Conclusion re applicant’s means of knowledge
- [75]I am of the opinion that the relevant material facts were not within the Applicant’s means of knowledge until at the earliest 25 June 2010 when he was first examined by Dr Naidoo at the behest of his mother. Between the period of 21 April 2007 and 8 October 2007 he was examined by Dr Angel GP, Dr Sampson, Orthopaedic Surgeon, and Dr Sterling, Orthopaedic Surgeon, all of whom concluded his injury was relatively minor. I note that the Applicant failed to re-attend on Dr Sterling despite the fact that it was recommended he do so after three to six months. However, I find it reasonable, given the Applicant’s circumstances, that he did not. By this point he had been told rather unequivocally by Dr Angel and Dr Sampson that his injury was not out of the ordinary. He continued to hold these doctors’ opinions as conclusive throughout the duration of the limitation period, and I find that it was reasonable for him to do so.

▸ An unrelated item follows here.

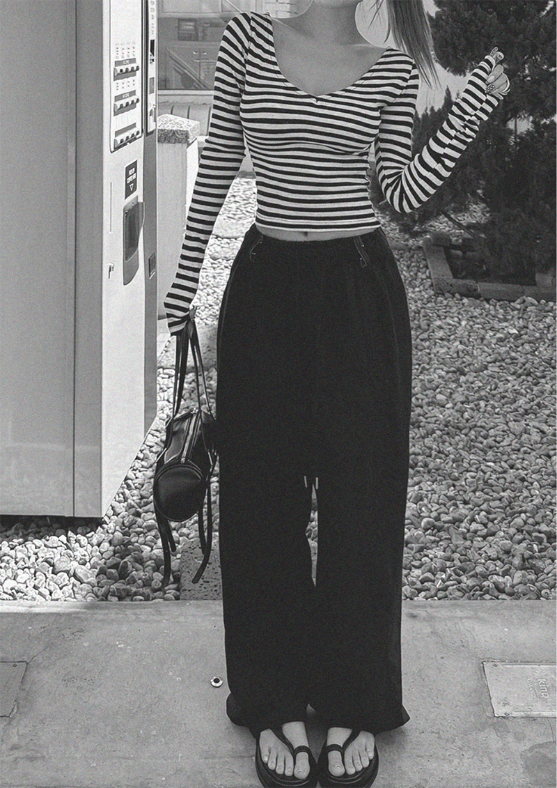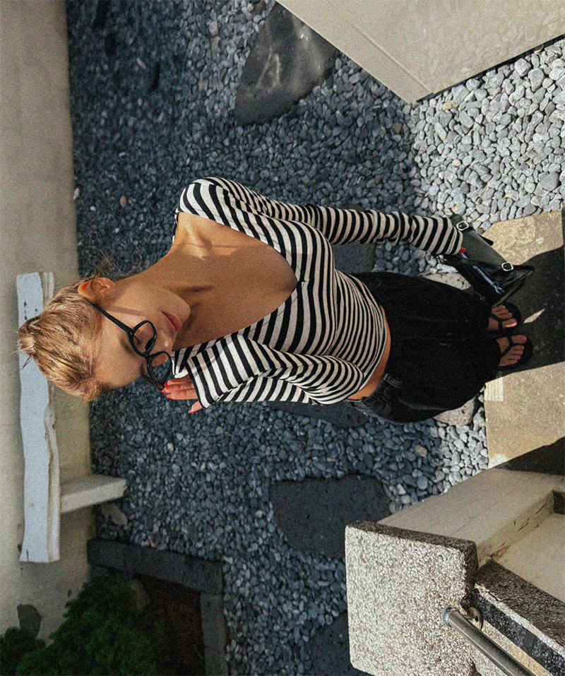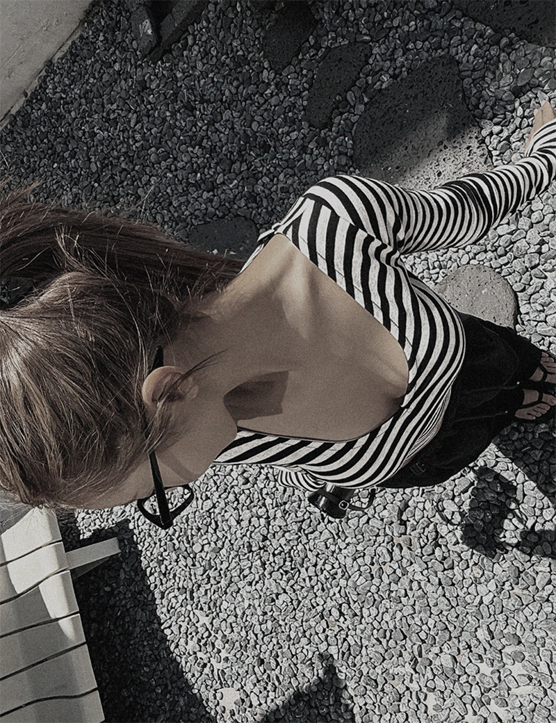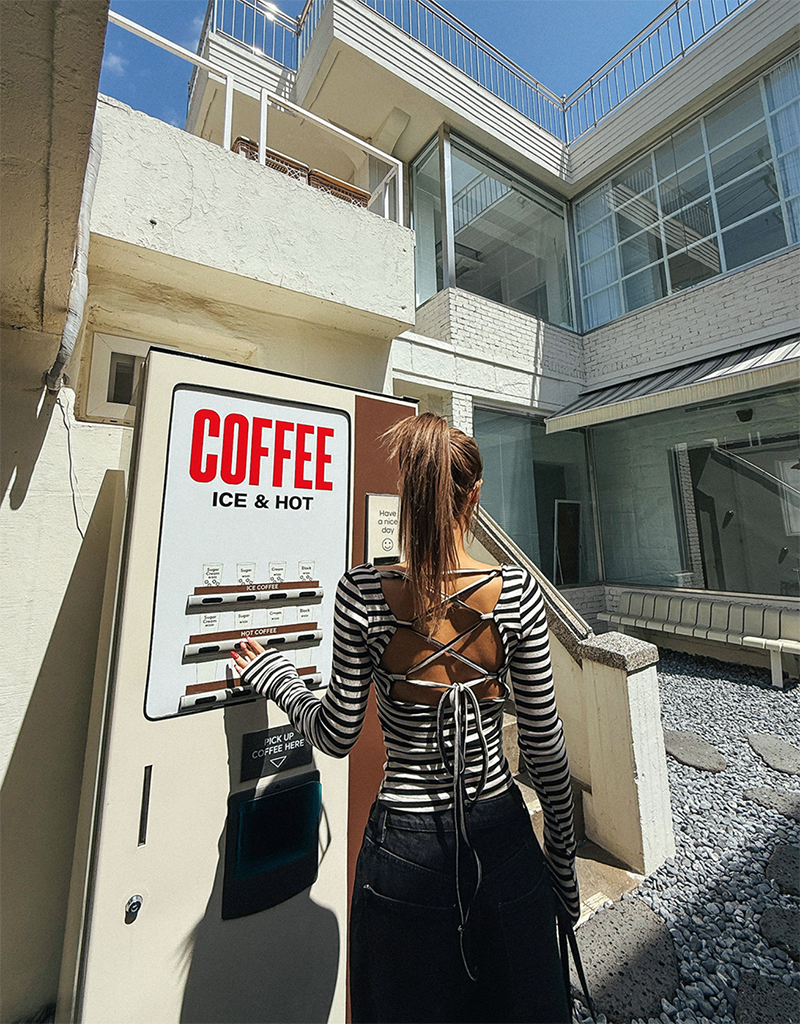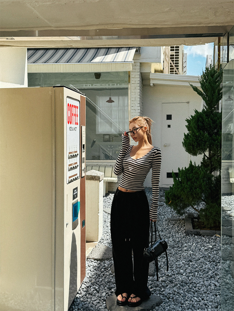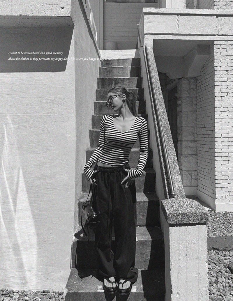 吸睛條紋圖樣結合後背鏤空綁帶設計
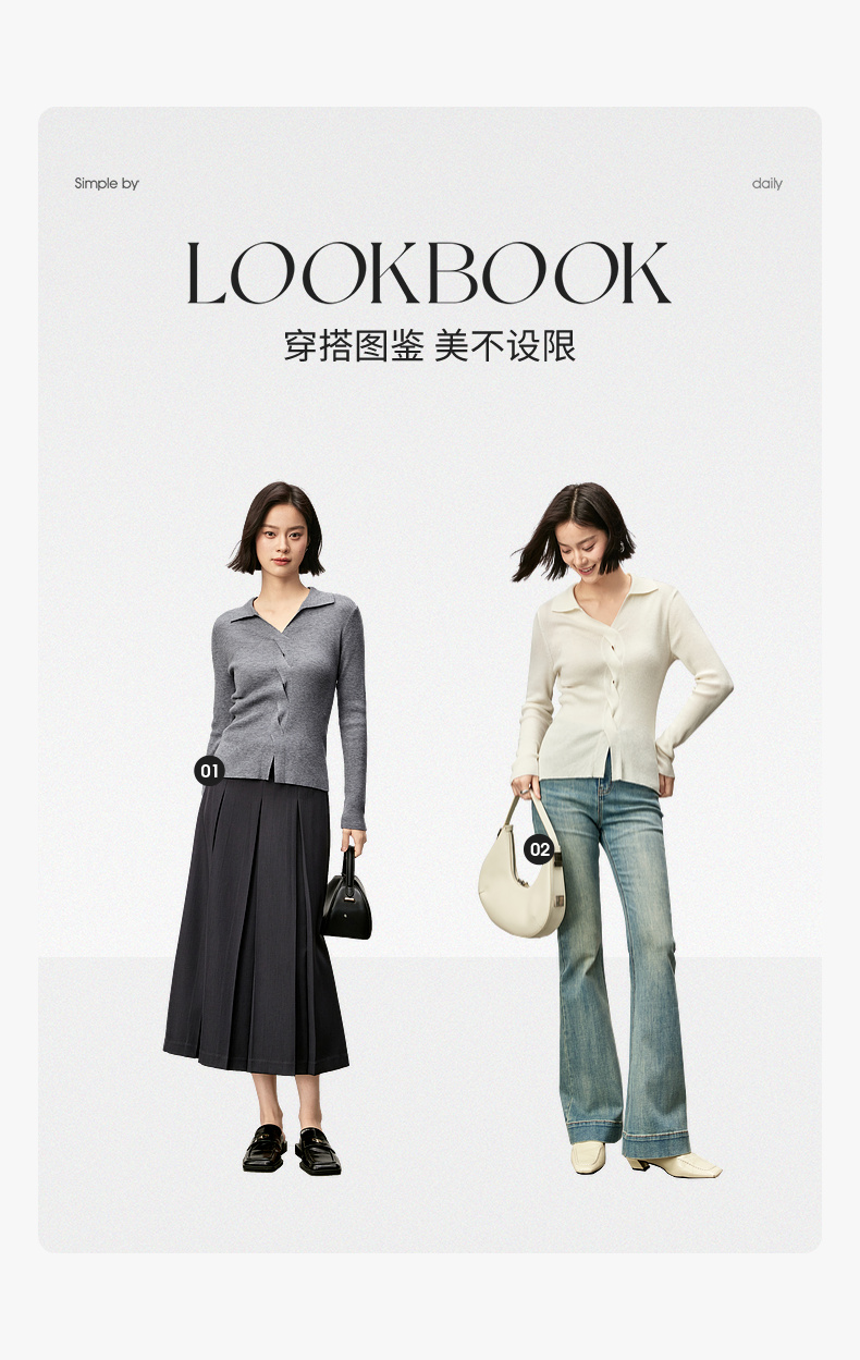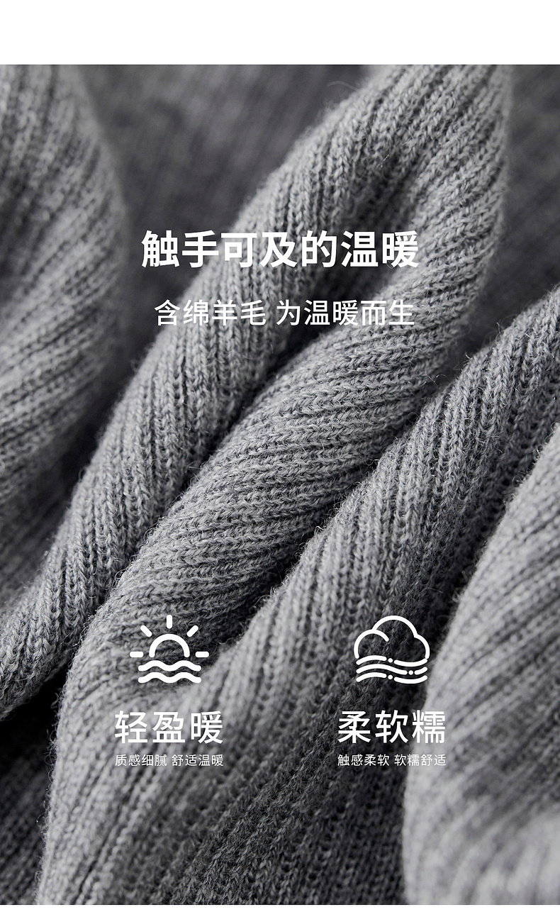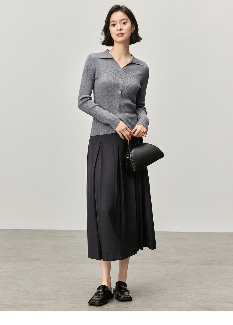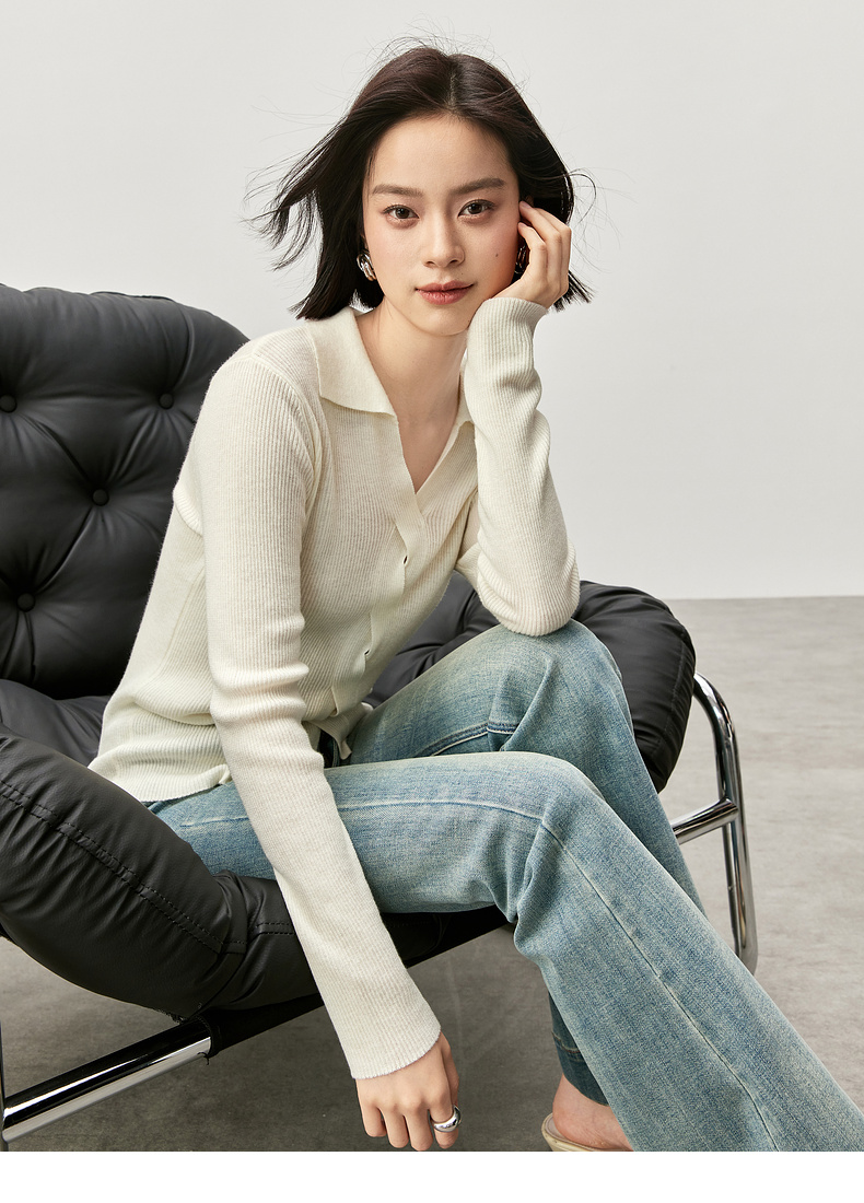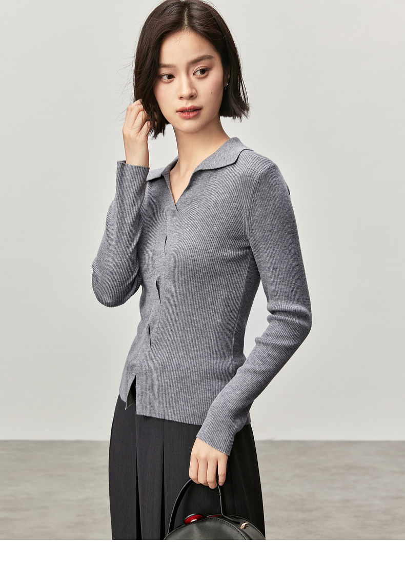 【内购】时尚简约舒适绞花交叉状门襟软糯弹力POLO领含绵羊毛长袖针织衫-W53HA3273X

- [76]I pause here to comment. As late as 12 September 2011, orthopaedic surgeon Dr Brett Halliday, in preparing a report for Workcover aided by previous medical reports and well aware that Dr Albietz thought surgery was necessary, nevertheless concluded that “no further rehabilitation, chiropractic treatment and certainly no surgery should be recommended.”[131]I acknowledge that Dr Halliday had not at that stage received the discogram results and that he later changed his mind upon its receipt. But it is easy to see how a patient’s valid complaints may be dismissed.
- [77]I accept Ms Troy’s conclusion that the Applicant’s condition would have contributed significantly to his delay in making further enquiries. It is therefore not surprising that the Applicant did not institute these proceedings and seek further medical advice without significant assistance from others. It took his mother deceiving him into visiting a doctor for the process to finally get started.
- [78]Taking into account the above considerations I am satisfied that it would be unreasonable to expect the applicant to have done more in the circumstances.
Established cause of action
- [79]Section 31(2)(b) of the LAA requires that there be evidence to establish a right of action apart from a defence founded on the expiration of the period of limitation. The applicant in his Statement of Claim alleges the oven was 1.5 metres wide[132], that it was slippery[133], that he was required by his employer to carry it down a set of stairs with assistance from two co-workers[134], and that a forklift was required to move it once it was at the bottom of the stairs.[135]Additionally, the Applicant relies on Dr Halliday’s report dated 13 October 2011 in which he concluded the Applicant’s injury and its ongoing adverse affects were consistent with an accident as described by the Applicant.[136]I am of the view that if this were to be unopposed by other evidence at trial the Applicant could have a reasonable prospect of success. In any event, the Respondent does not contest this point.
Prejudice
- [80]Similarly, the Respondent does not submit that any prejudice would flow from the exercise of the court’s discretion to extend the limitation period. Accordingly, it is unnecessary to consider this point further.
Conclusion
- [81]I am satisfied that pursuant to s 31(2) the Court’s discretion to extend the Applicant’s period of limitation in relation to this claim is enlivened.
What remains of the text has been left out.